Public bug reported:

There was a long and complicated sequence of activities involving mdadm,
lvm, and specifically pvmove leading up to the point where the
corruption was discovered, but I suspect most were irrelevant. AFAICT,
the bug was triggered by the following simple operations:

* the FS was unmounted & remounted -- thus, the journal was fresh and hadn't 
wrapped (which other reports appear to indicate would have prevented the bug 
showing up)
* the FS options include uninit_bg AND error=continue
* a bunch of files were then copied onto the FS -- this was the last write 
operation on the FS.

Later, e2fsck indicated a bunch of problems, including corrupted group
descriptors.

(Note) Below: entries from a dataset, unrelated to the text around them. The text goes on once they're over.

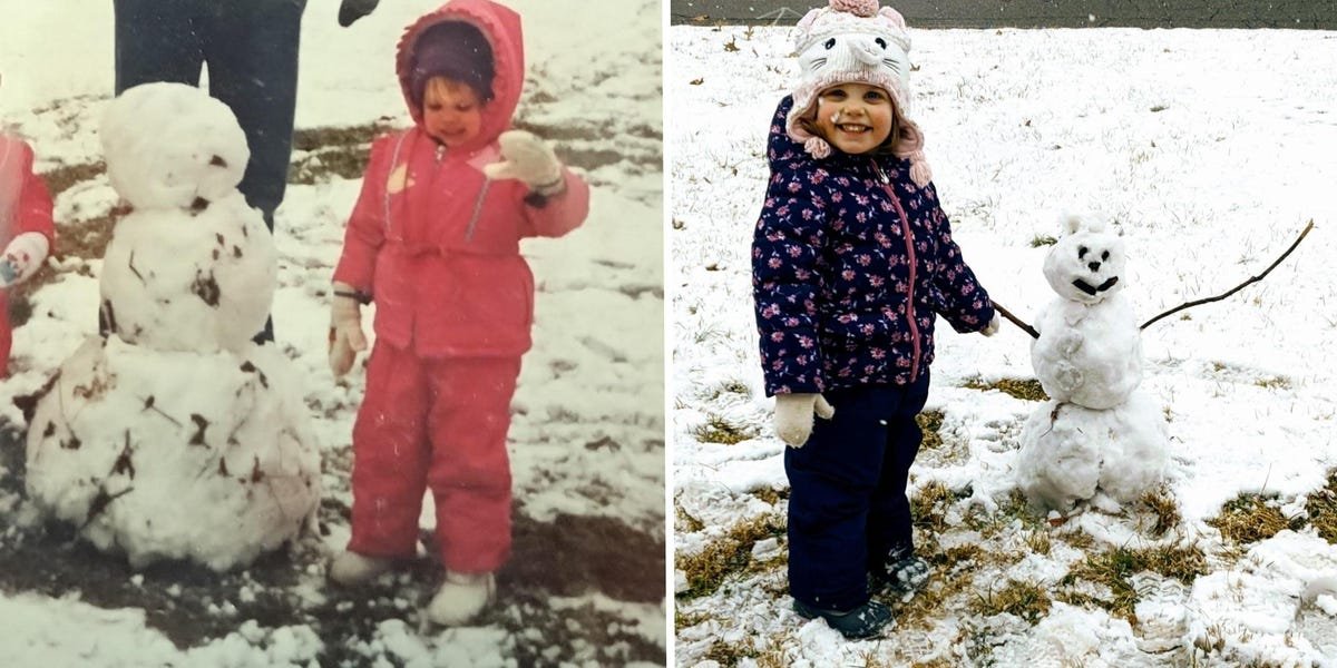 Over the past four years, we’ve taken numerous walks, tricycle rides, and scooter rides around our neighborhood. In the fall, we watch all the leaves change from green to gold and rust. In spring, my daughter puddle-hops along the streets, and in winter, she builds snowmen in the front yard, just like I did as a child. We’ve planted our own garden, growing tomatoes and strawberries, and have been slightly more successful than my siblings and I were.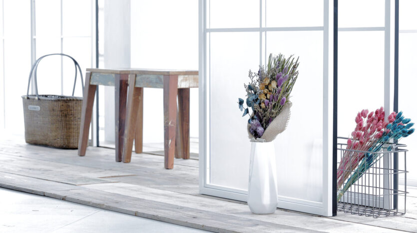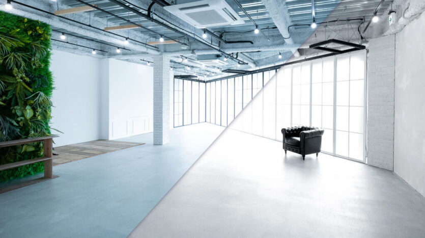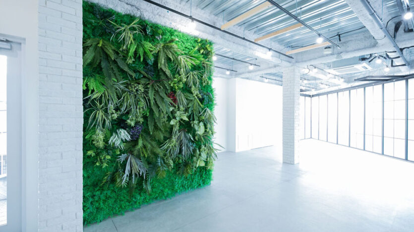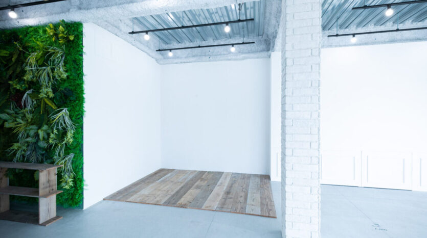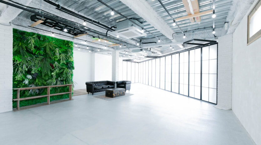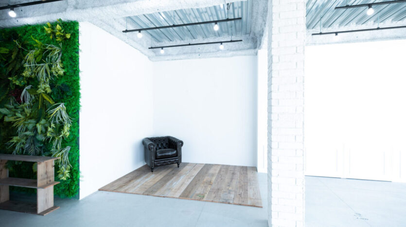 インダストリアルな空間にまとめられたスタジオは、白壁やモルタル風の独特なテクスチャー感が味わい深いナチュラル色の壁、ボリューム感のあるフェイクグリーンが圧倒的な存在感を放つボタニカル調のグリーンの壁、ヴィンテージ調の古い赤レンガの壁など、多様な背景を選択できます。さらに、窓枠型パーテーションは白黒入れ替えができるため撮影シチュエーションを増やします。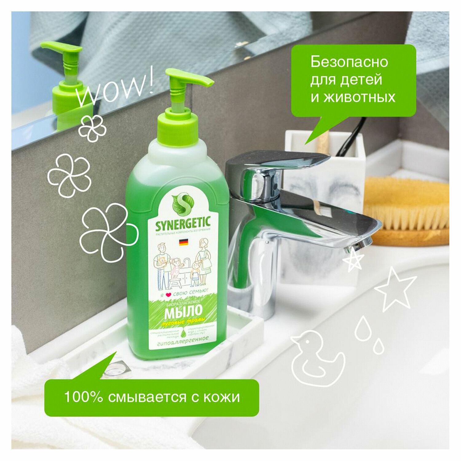 Synergetic Мыло жидкое Synergetic, "Луговые травы", биоразлагаемое, гипоаллергенное, с дозатором, 500 мл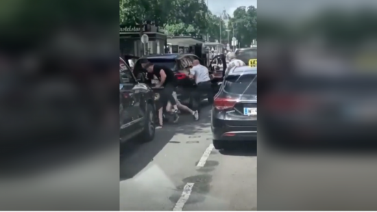 报道称,现场视频显示,双方在一辆黑色SUV旁边激烈冲突,结果其中一名出租车司机被打得不省人事,SUV上的一名男子还拉着受害者的腿,把其拽到离SUV远一些的地方,然后迅速上车离开。

Specifically, it fould that many blocks were now claimed by
two files; in each case, one was an old file and one was one of those
newly copied, and the contents matched the expected data for latter.

So I think this starts with an instance of the miscalculation of
checksums in uninit_bg blocks (fixed by Ted Ts'o last June), followed by
the (invalid or uninitialised) bitmap being used anyway (because
error=continue) and the blocks it appeared to show as free then being
allocated to new files.

Jul 15 18:01:03 redshift kernel: [ 9332.021245] EXT4-fs error (device dm-1): 
ext4_mb_generate_buddy:739: group 2968, 8105 clusters in bitmap, 0 in gd
...
Jul 16 18:05:14 redshift kernel: [95982.560034] EXT4-fs (dm-1): error count: 1
Jul 16 18:05:14 redshift kernel: [95982.560044] EXT4-fs (dm-1): initial error 
at 1373907663: ext4_mb_generate_buddy:739
Jul 16 18:05:14 redshift kernel: [95982.560053] EXT4-fs (dm-1): last error at 
1373907663: ext4_mb_generate_buddy:739
...
Jul 16 20:53:19 redshift kernel: [106068.077526] EXT4-fs (dm-1): 
ext4_check_descriptors: Checksum for group 0 failed (47831!=4825)
Jul 16 20:53:19 redshift kernel: [106068.077540] EXT4-fs (dm-1): 
ext4_check_descriptors: Checksum for group 1 failed (14670!=8882)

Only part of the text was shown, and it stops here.